É necessário contemplar ainda o que a mulher fará com o seu corpo no puerpério. Ela precisou se construir enquanto gestante, tomar como erógeno um corpo novo, cheio de curvas até então desconhecidas, uma casa temporária para o seu filho. Mesmo quando ocorre um trabalho de parto onde o tempo, com um crescente de intensidades se faz presente ou quando a mulher pôde elaborar algo desta separação durante a gestação, ainda assim o dar à luz caracteriza um processo traumático. Aqui considero o trauma em seu caráter de excesso, de experiência excessiva em sua intensidade, impossível de subjetivação imediata. O parto põe em cena duas questões irrepresentáveis, sem registro inconsciente, como diz Freud: o sexo e a morte. Há de se considerar os famosos baby blues, as suaves depressões do puerpério como tentativas de elaborar algo dessa experiência traumática. Um tempo de dois corpos é inaugurado. Reitero que esta experiência pode caracterizar alívio, angústia ou ainda outra coisa mas não tem como prescindir da intensidade e do encontro com questões que nem mesmo o inconsciente comporta, além de outras tantas recalcadas que sinalizam algo da vivência edípica daquela mulher. 

Para criar um humano – a função materna contém um tanto de criação, de invenção – a mulher fará do seu corpo um palco para interpretar as necessidades do bebê, que lhe chegam como uma demanda. Afinal, o que o bebê quer quando chora?
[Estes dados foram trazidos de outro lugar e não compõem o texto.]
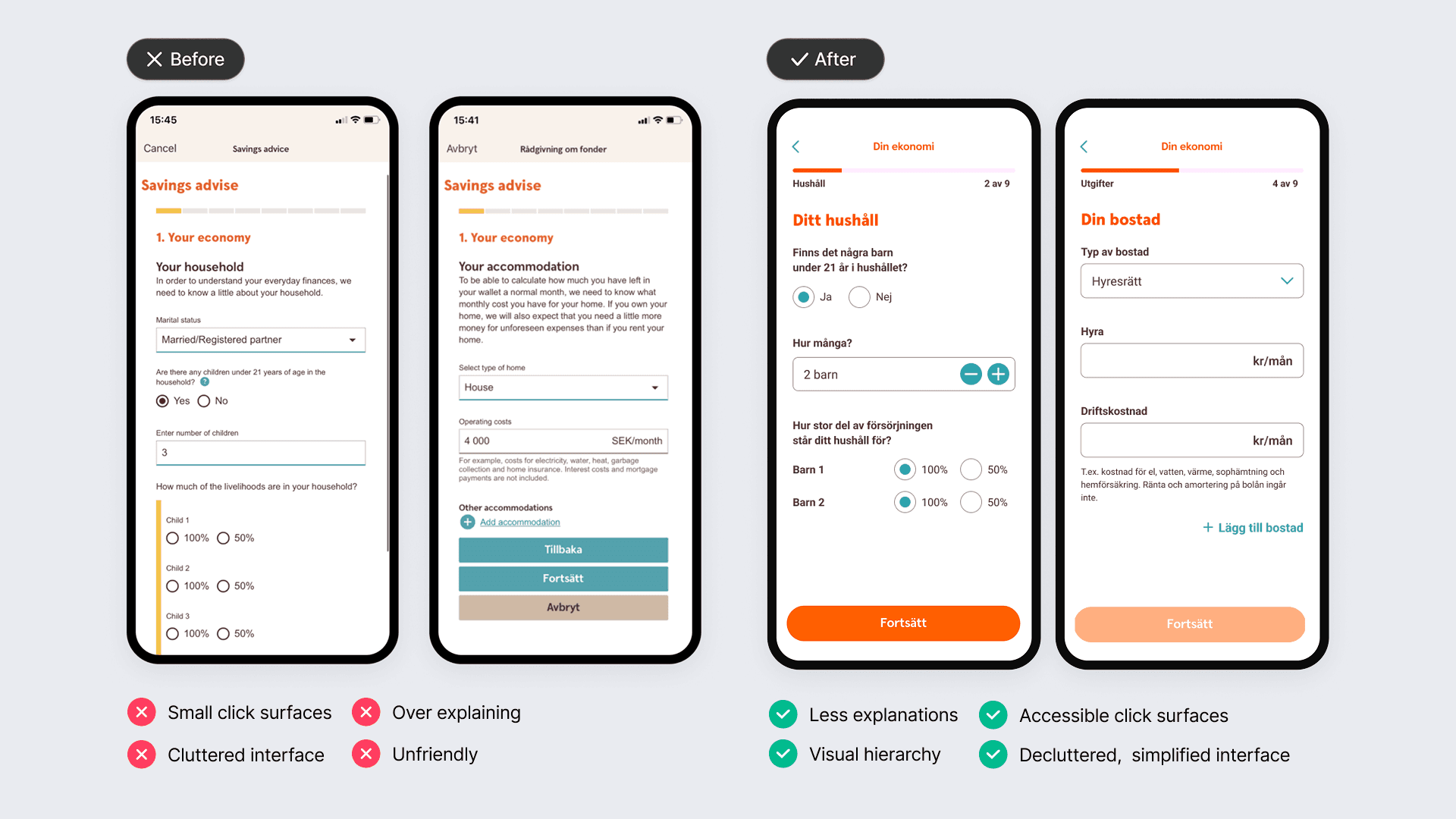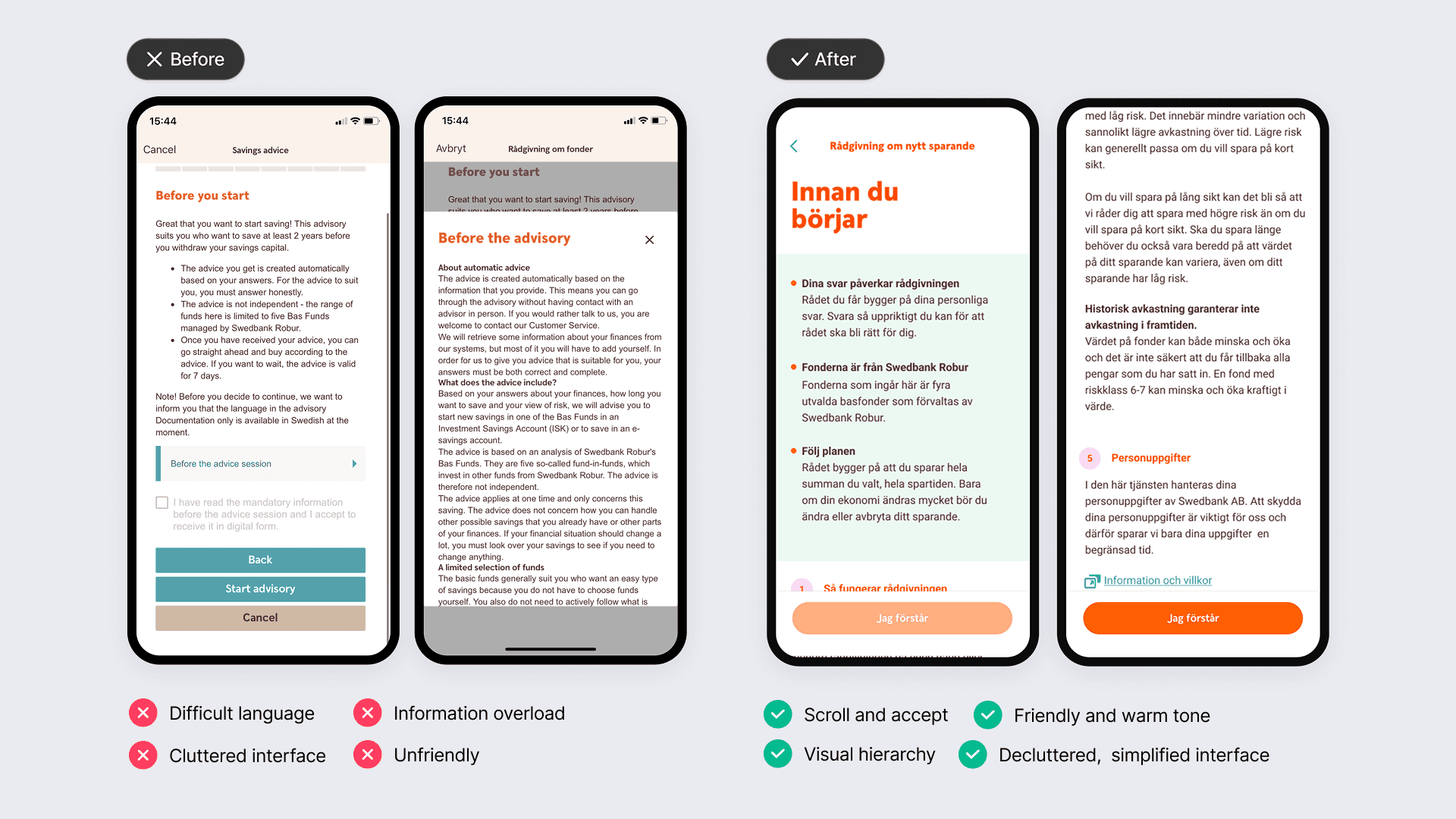 Swedbank wanted to offer customer-centric, legally compliant financial advisory in digital channels, but advisory had traditionally been handled offline. Early MVPs revealed a critical challenge: a ~95% drop-off on the very first screen of the advisory flow. Users struggled to understand the purpose, value, and effort required before even starting the advisory. Strict legal requirements and an existing design system limited how much the experience could be simplified, while still demanding high trust and cognitive effort upfront.

Freud dirá que no início da estruturação do aparelho psíquico o que ocorre essencialmente é aumento e diminuição da tensão. Se o bebê sente fome ou algum outro desconforto há aumento de tensão no interior do aparelho. Esse desprazer é manifestado pelo choro que a mãe interpreta como um apelo. Ela oferece então seu peito, por exemplo. Mas o que de fato irá satisfazê-lo? Se foi o leite, o calor do corpo materno, seu cheiro, sua voz, o toque da mãe o que satisfez o bebê é algo de inalcançável. A pulsão concerne a este campo de um a mais, além da necessidade.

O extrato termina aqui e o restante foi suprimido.